In October 2012, JNF representatives accompanied Israeli police forces and interior ministry officials in a raid on the Bedouin village of Bir Hadaj and handed out demolition orders.
It has also aided Israeli government plans to expel villagers from Umm al-Hiran to build a Jewish settlement – named Hiran – in its place.
And since 2010, residents of al-Araqib have resisted the JNF’s plans to erase their village and plant a forest over its ruins. Israel has demolished al-Araqib at least 136 times.
Sheikh Sayeh Abu Madiam, the patriarch of the village, was recently sentenced to 10 months in prison for trespassing on his own land.
Canada protects JNF crimes
This is not the first time that the Canada Revenue Agency has nominally investigated the JNF Canada at the urging of activists.

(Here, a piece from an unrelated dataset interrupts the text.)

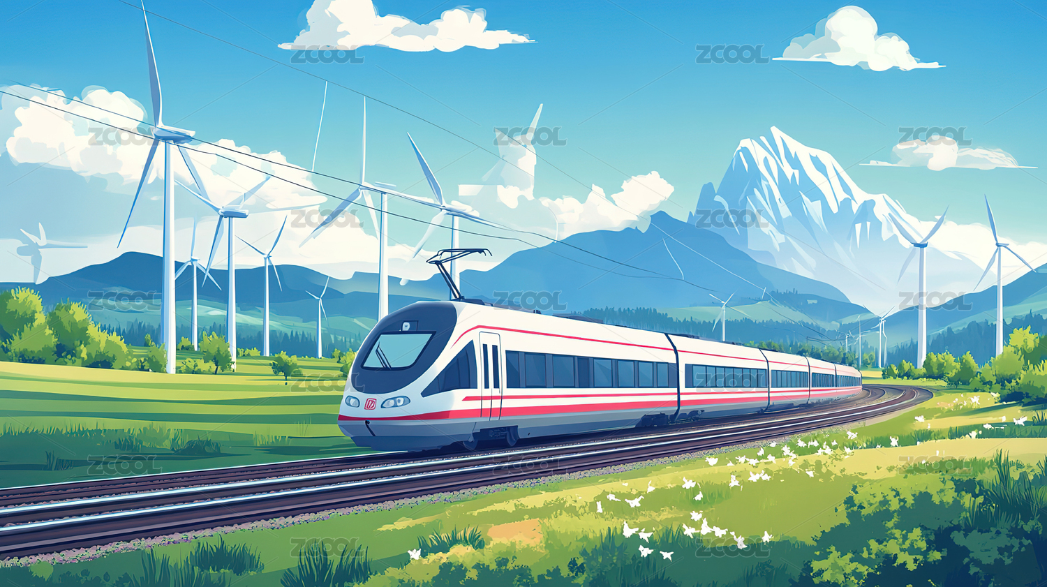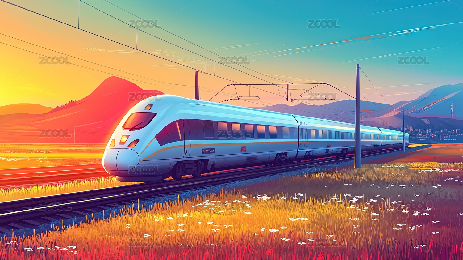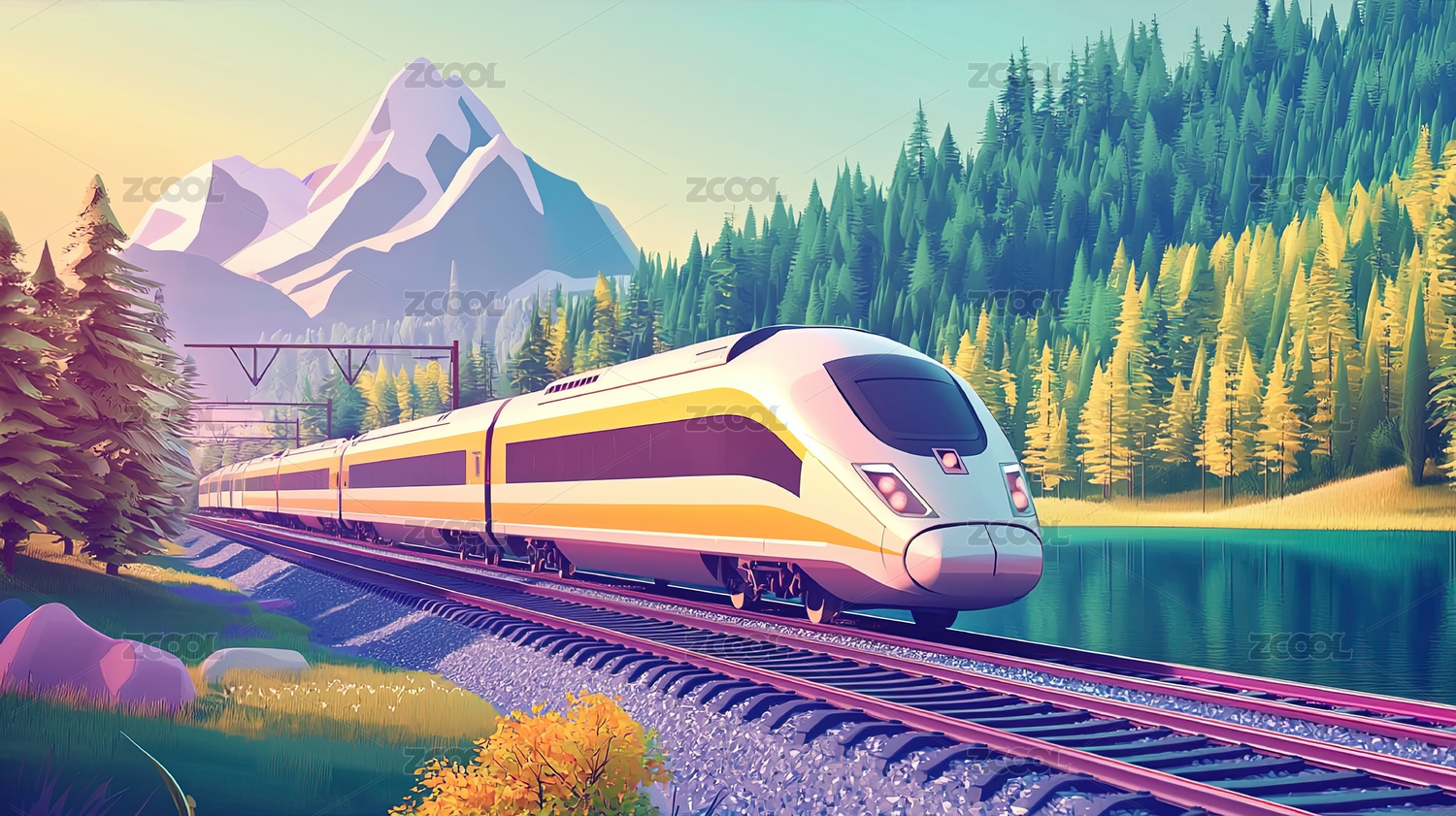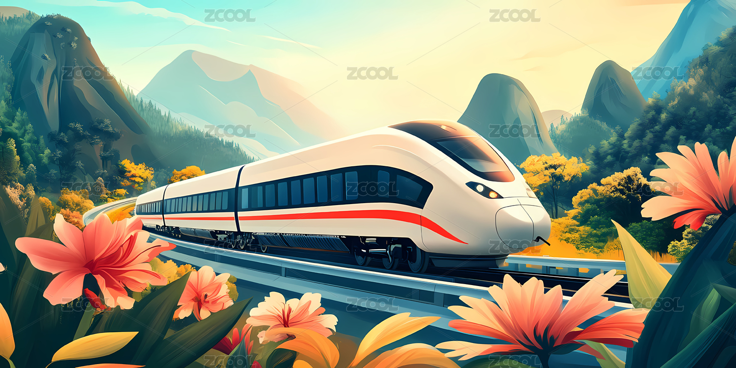 艺术, 花, 植物, 山脉, 风景, 自然, 绘画,列车, 高速列车, 隧道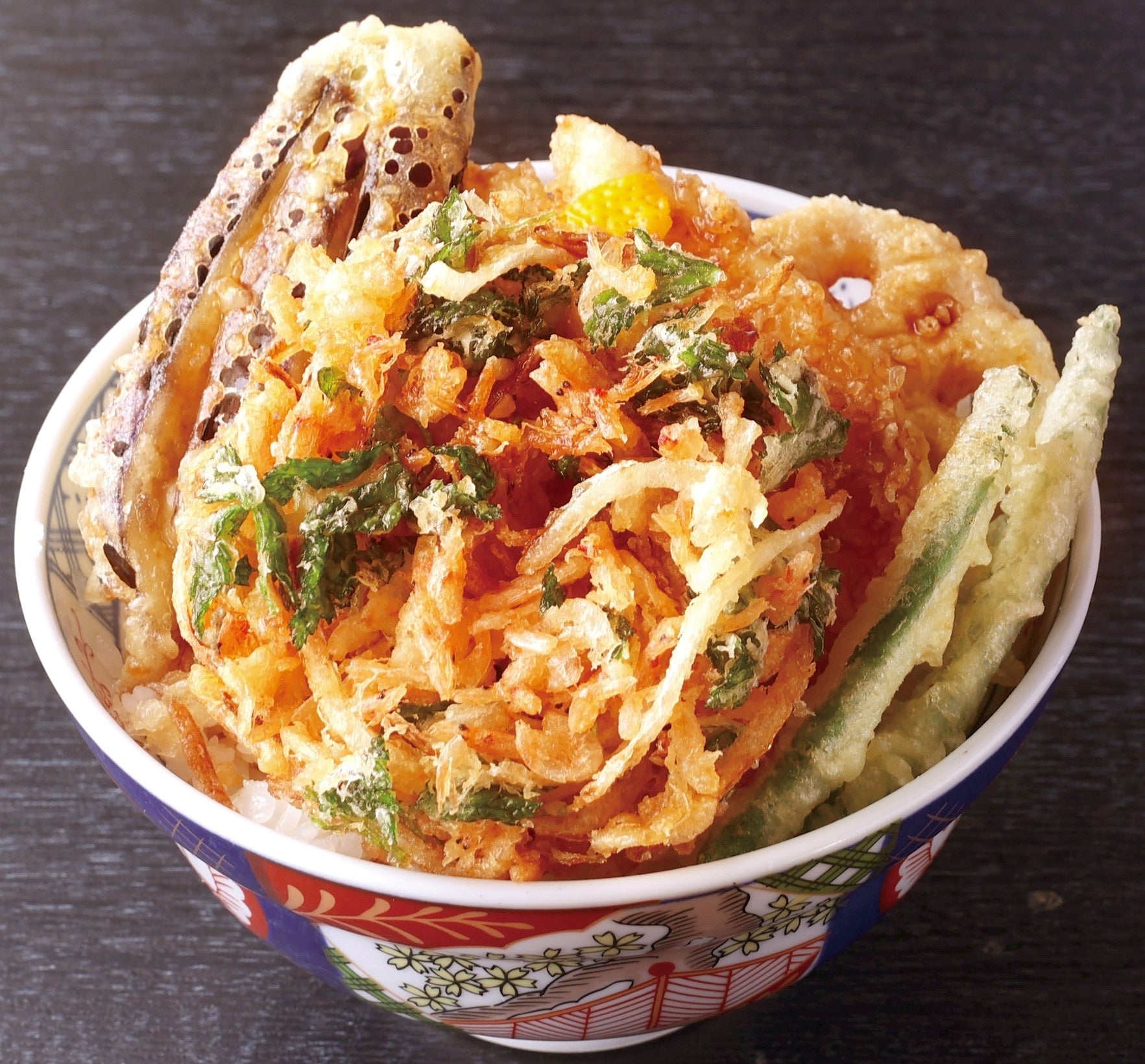 海老、いか、なす、れんこん、かぼちゃ、いんげんと、人気のできたててんぷらを贅沢にのせました。

But the Canadian government, in violation of its own laws, has protected the organization and has consistently ignored – or embraced – JNF Canada’s role in Israel’s violent and discriminatory practices.
Because Canadian politicians across the political spectrum have historically held close ties to the JNF Canada, activists will have to work hard to make sure their complaints are taken seriously.
“The formal political mechanisms are so dominated by the advocates of the JNF,” Rabbi David Mivasair of Independent Jewish Voices Canada told The Electronic Intifada. Mivasair joins Zayid in the complaint to the Canada Revenue Agency.
He said that filing the complaint and the petition is part of a strategy to push JNF Canada supporters to question the organization’s policies.
Mivasair hopes that some people “who give to the JNF without thinking about it” will recognize that supporting JNF Canada is just as harmful “as supporting the whaling industry, the tobacco industry, or the oil industry.”
“I’m hoping that this illegal and inhuman act of allowing our tax dollars to support a charity that is racist and applies discriminatory laws against even its own citizens ends,” Zayid said.